Meeting in a non-voting session Thursday, the North Platte public school board discussed preschool enrollment, technology, and the date of graduation in 2025.

The director of elementary teaching and learning, Lyndsey Douglas, updated the board on the Bullpup preschool program. In the 2023-24 recently completed, there were eight preschool teachers. One teacher resigned at the end of the school year and with anticipated lower enrollment in 2024-25, they did not hire a teacher.

The enrollment in 2023-24 was 133, a decrease from 143 the year before. The anticipated enrollment for the next school year is 114. With the lower enrollment, the district plans a preschool for three-year-olds in 2024-25, with 16 enrolled.

The preschool program employs 20 paraprofessionals — a music teacher, two early education special education teachers, two occupational therapists, one occupational therapist assistant, one physical therapist, two speech-language pathologists, one secretary, and one lunch staff.

Douglas said the Bullpup program reached significant achievements this year. Data from the fall and winter showed higher student achievement in all areas, including social-emotional knowledge, physical, language, cognitive abilities, literacy, and mathematics.

The program also successfully operated two special classes — music and library — in partnership with the North Platte Public Library. Also, the Bullpup program collaborated with community helpers, such as the state game and parks staff and the canine unit of the police department.

Notably, this was the first year the program held preschool graduation programs since the onset of COVID-19, Douglas said.

Tech

Next, the director of technology, Brian Tegtmeier, provided a comprehensive overview of the district’s technology department. Tegtmeier said the department has 10 dedicated individuals, playing a pivotal role in supporting teachers and students with technology in the classroom.

They implement online curricula, evaluate and purchase new technology, monitor the operations and security of IT data systems, networks, devices, and accounts. They collect data and report it, and train staff.

The department has an unwavering commitment to ensuring a technologically advanced learning environment for students, Tegtmeier said.

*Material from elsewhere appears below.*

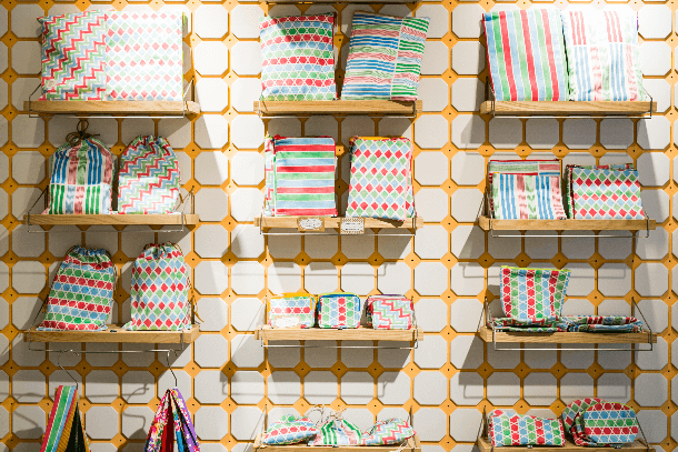 來好オリジナルバッグやポーチは、漁師網バッグでおなじみの台湾の伝統的な柄をリデザインして個性的なアイテムに変身させたもの。コースター(150元〜)や巾着袋(290元〜)などの小さなアイテムは購入しやすい価格帯でお土産・ギフトにもぴったりです。

He said every grade level has a 1:1 ratio of students and Google Chromebooks. Units for grades K-4 are purchased on a five-year cycle. They are kept in carts at school to minimize wear and tear. For grades 5-12, there is a four-year cycle for repurchasing.

Teachers receive Chromebook replacements every five years. The next scheduled replacement is in Spring 2028, when the district transitions from HP to Macbooks for all teachers. Parents can buy Chromebook insurance for $10 monthly to help cover repair costs. During the 2023-24 school year, 873 student device incidents occurred, including battery issues, cracked screens, keyboard replacements, etc.

Financial Director Stewart Simpson said the district covers the first incident, partially covers a second incident, and the parents become responsible for the total price if there is a third incident.

Graduation

Supt. Todd Rhodes brought a potential conflict regarding the 2025 high school graduation date to the board. The approved calendar has graduation set for May 10, the same date as the finals of district baseball. Rhodes said the high school team made it to the district finals this year, even with the shortened baseball schedule, and is apt to make it to the district finals next year.

At the June meeting, the board will vote to change graduation date to Mother’s Day, May 11, 2025.

In other business, Human Resources Director Kevin Mills said the school is not fully staffed yet; and still looking for teachers in English, science, and journalism at the high school.

Simpson updated the district on utilities and insurance costs. He said both categories fall into the budget category of non-personnel expense, which is 17.5% of the total budget, or $8.2 million. Utilities and insurance account for 20% of the total, or roughly $1.6 million. Simpson said that the cost of utilities increases on average, by 5% every year. He said they plan a 15% increase in insurance in the coming year.

Legislative updates

Rhodes said 22 school policies need to be amended and four brand-new policies need to be adopted to stay in compliance with new state laws. The four brand-new policies deal with parent-requested repeating of a grade, the preschool program, Malcolm X Day, and projection maps used in the classroom.

He said the policies will be brought before the board for a vote at the June meeting.

General strategies, techniques

The board reviewed Strategy 3 of the 2020-25 Strategic Plan — Providing a safe and healthy learning environment.

The first part includes balancing revenues and expenses to maintain a solid financial position.

Simpson said he does this by analyzing past spending and income patterns, identifying additional revenue sources, providing financial updates to district leaders and principals, and managing the cash reserve.

The second part of this strategy is to ensure a safe and secure environment for all students and staff.

Simpson said this is done by ensuring the facilities are used to their maximum potential, having a plan of action to ensure the effectiveness and efficiency of school operations, and reviewing and updating the safety plan each year.

The final part of this strategy is to provide internal and external communication systems.

Communications Specialist Brandon Petersen said sharing district-approved platforms with administrators and staff provides training and support. Also, sharing information via internal and external media outlets and having a system to encourage two-way communication between the district and the community help accomplish the final part of the strategy.